Une feuille de route pour la gare à 360 degrés
Cette délibération acte les transferts de propriété progressifs entre la SNCF, la Région et la Ville de Strasbourg jusqu’aux années 2050. Elle précise l’aménagement concerté de toute la zone autour de la gare, et notamment la zone au nord qui doit être progressivement réaménagée pour permettre d’ouvrir la gare vers un nouveau quartier, dédié aux activités culturelles, notamment nocturnes, et à l’économie solidaire. La délibération a été adoptée avec 44 voix pour, 9 élus de droite, du centre et socialistes ont voté contre.
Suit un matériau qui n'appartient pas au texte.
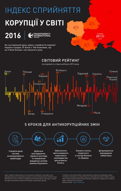 Украина улучшила показатели благодаря внедрению антикоррупционной реформы. Однако, как отмечают в организации, отсутствие действенной судебной системы и фактическая безнаказанность коррупционеров не дает Украине сделать мощный рывок вперед и преодолеть 30-балльный барьер

Point final pour la rue Mélanie?
Les conseillers municipaux ont évoqué la rallonge de 150000 euros nécessaires pour terminer le réaménagement de la fin de la rue Mélanie, cette voie de la Robertsau qui mène au château de Pourtalès. Les élus de droite, du centre et socialistes, ont une nouvelle fois brocardé la municipalité pour avoir dépensé « un million d’euros pour 300 mètres », faire la guerre aux voitures et le tout, sans avoir emporté l’adhésion des riverains. Ces derniers sont particulièrement remontés après qu’un premier aménagement, avec des écluses, provoquait des bouchons aux moments de forte affluence. La municipalité a supprimé les écluses et les arbres pour repasser à deux voies, supprimant au passage les quelques places de stationnement. Nouvelle bronca des riverains mais la municipalité a fait valoir que la continuité cyclable devait permettre d’aller jusqu’au château et que les croisements au carrefour giratoire étaient très dangereux.
130 millions pour un bel opéra en 2033
Les conseillers municipaux ont adopté les choix de la municipalité pour l’opéra du Rhin (voir notre article dédié). Jeanne Barseghian a tranché pour rénover le bâtiment historique de fond en combles et déménager les spectacles au Palais des fêtes le temps des travaux. La facture devrait s’élever à plus de 130 millions d’euros. Jean-Philippe Vetter (Les Rép) a regretté la destruction de la salle à l’italienne, « cette salle magnifique dans laquelle je me rendais pour 5,5€ en étant étudiant. J’y vivais un moment extraordinaire même si je ne voyais rien, » a-t-il dit en sollicitant ses souvenirs. Anne Mistler, adjointe à la maire en charge de la culture, lui a répondu que d’autres étudiants avaient probablement été traumatisés par la même expérience. Pierre Jakubowicz (Horizon) s’est presque désolé d’avoir épousé les choix opérés par la municipalité tout au long des séances de travail. Une augmentation du prix des places est à craindre à la réouverture mais, assure Jeanne Barseghian, « il restera des places à des tarifs accessibles ».
Parmi les textes additionnels, une motion de soutien à Urgence Palestine et la Jeune Garde antifasciste, mouvements dissous par le ministre de l’Intérieur, présentée par la conseillère indépendante Soraya Ouldji, a été adoptée. Le texte soutenant la mobilisation citoyenne en Europe visant à interdire les thérapies de conversion, présenté par Pierre Jakubowicz et Rebecca Breitman, a également été adopté, ainsi que le soutien à la panthéonisation d’Adélaïde Hautval, médecin et résistante alsacienne. Le groupe des élus écologistes a présenté un texte pour réaffirmer l’engagement de Strasbourg « contre l’islamophobie, le racisme, l’antisémitisme et la xénophobie », qui a également été adopté.